I generally advise authors to avoid the Author Solutions self-publishing services (iUnverse, Xlibris, Trafford, AuthorHouse, BookTango, and the self-pub services Author Solutions runs for major publishers, including Thomas Nelson's WestBow Press and Hay House's Balboa Press), since I've received many complaints about quality, price, and high-pressure sales tactics. There are also many copycat services that are even worse and that are actively soliciting authors; see the Writer Beware blog for a roundup of all my posts on them, as well as a full list of the ones I've discovered so far: https://accrispin.blogspot.com/2019/08/from-philippines-not-with-love-plague.html
Some self-publishing services claim to specialize in particular genres (such as self-help) or markets (such as the Christian market). This really isn't meaningful Self-pub services do no targeted marketing (unless you buy it a la carte), and they all use the same distribution channels.
For information to help you comparison shop, a rundown on the benefits and challenges of self-publishing, and links to helpful resources, see the Self-Publishing page of Writer Beware: http://www.writerbeware.com/
I have had a book with Dog Ear published in 2011 and everything was good until about 2016 when payments started to get very delayed. I was the one that was told their stamp machine was broken.
Of course, I have not done anything to promote my book lately because of not getting paid and I need to get it re-published.
My print version still slightly outsells my e version so I would like to do both. Any advice on an honest service offering both would be helpful and I can be reached at firstname.lastname@example.org Thanks
At WritersWeekly, we've been warning authors about Dog Ear Publishing since May.
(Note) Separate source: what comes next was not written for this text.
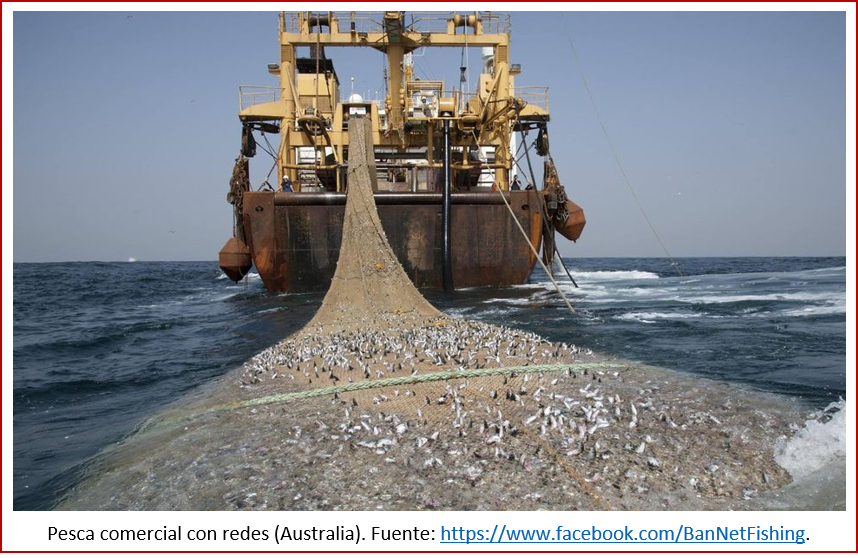 Los peces que logran escapar por las mallas de las redes, no son únicamente los ejemplares juveniles: también hay entre ellos ejemplares más o menos adultos, pero de tamaño más pequeño de lo normal debido a alguna modificación genética que les impidió alcanzar un tamaño grande. En todas las poblaciones de animales ocurre esto: un pequeño porcentaje tiene alguna variante genética que les confiere un tamaño adulto menor de lo normal, al crecer más lentamente. ¿Qué ocurre ahora en el caso de la pesca? Se sustrae a la población una gran cantidad de individuos adultos de tamaño normal o mayor de lo normal, de manera que los individuos adultos que quedan son principalmente aquellos más pequeños, o sea los que tienen aquella variante genética que conduce a tamaños adultos menores de lo normal. Por lo tanto, aumentará en la población el porcentaje de individuos con esta variante genética, y al reproducirse estos individuos, la variante será transmitida a una gran proporción de los descendientes. Este aumento del porcentaje de ejemplares pequeños continuará mientras que dure la pesca preferencial de ejemplares grandes. Al cabo de un tiempo, después de unas generaciones, la gran mayoría de los individuos en la población tendrá la variante genética para un tamaño pequeño, y ya no habrá muchos ejemplares grandes. En aquel entonces, los pescadores se preguntarán qué pasó con los cardúmenes, y a dónde se fueron los peces grandes – y nosotros, los consumidores, ya no conseguiremos esos pescados grandes que tanto nos gusta ver en la mesa.

The comments by the owner on the Better Business Bureau website were a huge red flag. They made it appear he was only paying royalties to the squeaky wheels. And, his excuses were downright absurd.
According to the BBB, authors reported Dog Ear's excuses included:
Blaming the retailers/distributor for late payments
Having a computer system that couldn't handle their growth
Switching bank accounts and not having new checks yet
Running out of stamps
And, even a broken stamp machine
See more here:
The Indy Star story is now online and can be read here: https://www.indystar.com/story/news/investigations/2019/08/07/dog-ear-publishing-accused-owing-thousands-self-published-authors/1860676001/
I'm sure I once read a promo piece from Dog Ear saying some independent reviewer had said they were better than Tate and Author Solutions.
That's kind of like saying a Wendy's burger is healthier than a burger from McDonalds or Burger King. It might be true, but if you're looking for healthy food, you're probably looking in the wrong place.
Shouldn't the AG investigate further if a company refuses to respond? That's a really lazy bit of "due process."